Court Opinion

ID: 8878203
Source: CourtListenerOpinion
Date Created: 2022-11-26 19:45:31.261027+00
Date Added: 2024-06-11T17:06:29.304234
License: Public Domain

CUMMINGS, Circuit Judge.
In this diversity action, Dovenmuehle, Inc., a Chicago-based mortgage banking *942concern, sued K-Way Associates, a New York limited partnership, and four general partners to recover a 1% service fee and various expenditures. After a bench trial, the District Court entered detailed findings of fact and conclusions of law in plaintiff’s favor and dismissed defendants’ counterclaim. We agree with this disposition.
The findings, reflecting the record, reveal these facts: Prior to March 1963, defendants planned to erect two shopping centers in Arizona. They had acquired Hayden Plaza East in Tempe and had obtained an option to purchase Hayden Plaza West in Phoenix. They also had entered into a lease with Woolco, F. W. Woolworth Company’s leasing corporation, providing for Woolco and Woolworth to be a major tenant of both shopping centers.
On March 1, 1963, defendants applied to Dovenmuehle for mortgage financing. These loan applications were for $4,800,-000. The applications provided a 1% service fee for Dovenmuehle, 1% if defendants did not perform, and a 1 % good faith deposit. The applications were subject to Dovenmuehle’s ability to arrange a $500,000 loan to K-Way for the purchase of Hayden Plaza West and for construction at Hayden Plaza East. These applications were not approved by Dovenmuehle in the space provided. The approval line on each application read:
“Assigned W.J.H. [William J. Hoppe] Approved (1) * * * (2) * * * ”
In March and April or May 1963, defendants borrowed a total of $500,000 from the First National Bank of Albuquerque, New Mexico, to purchase Hayden Plaza West and to commence construction on Hayden Plaza East.
On April 23, 1963, defendants applied to New York Life Insurance Company for loans on these two properties in the total amount of $4,700,000. The applications provided that the defendants would pay New York Life 1% of the amount of the loans if defendants should not accept a commitment issued by New York Life. These applications were endorsed by Dovenmuehle as broker but were not approved by New York Life. Dovenmuehle is a correspondent of New York Life. From time to time, Doven-muehle tenders proposed loans to New York Life for their acceptance. After New York Life purchases loans, Doven-muehle services them for a fee paid by New York Life.

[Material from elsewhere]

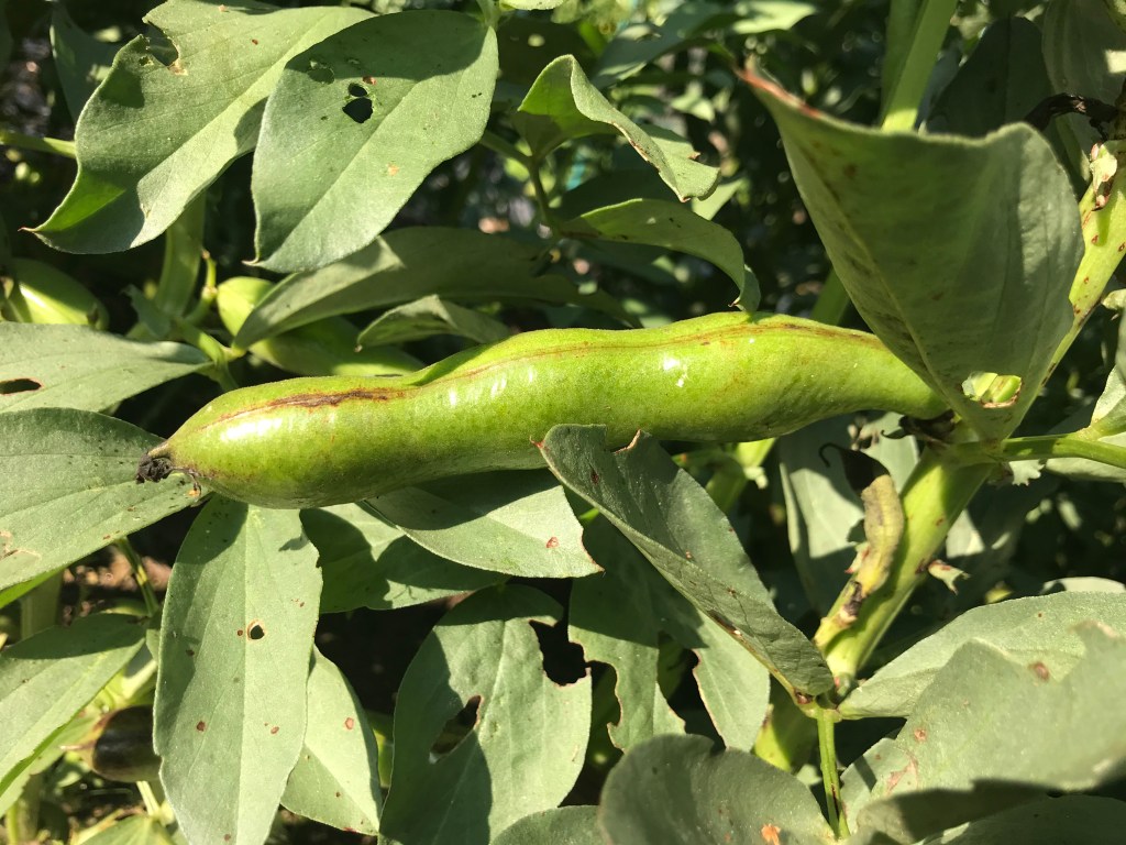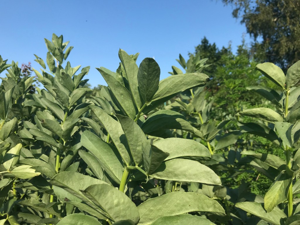 Jag odlar bondbönor på andra ställen också och har sått dem vid olika tider för att få utspridd skörd. En bädd i intensiva grönsakslandet med god trädgårdsjord såddes med bondbönor i början av maj. Där blev hela plantorna fulla med bladlöss i samband med blomningen så att bönämnena förstördes och det nästan inte blir någon skörd alls. På ett annat ställe i den fyraåriga växtföljden blir det bönor men de har tendens att lägga sig ner. Förmodligen ”bortskämda” med för mycket vatten och näring. Så slutsatsen för i år är att bondbönor är en pionjärväxt, perfekt att odla när ny mark tas i anspråk.

On May 31, 1963, Dovenmuehle obtained a commitment from New York Life to advance a first mortgage loan of $3,525,000 (or, alternatively, $4,400,000 on additional conditions) on the two Arizona shopping centers. One of the conditions of the commitment was that K-Way must first obtain certain leases in both centers. The commitment required Dovenmuehle to deposit a $22,200 check and a $22,200 note payable to New York Life to serve as liquidated damages in the event of default. May 1, 1964, was the expiration date of this commitment.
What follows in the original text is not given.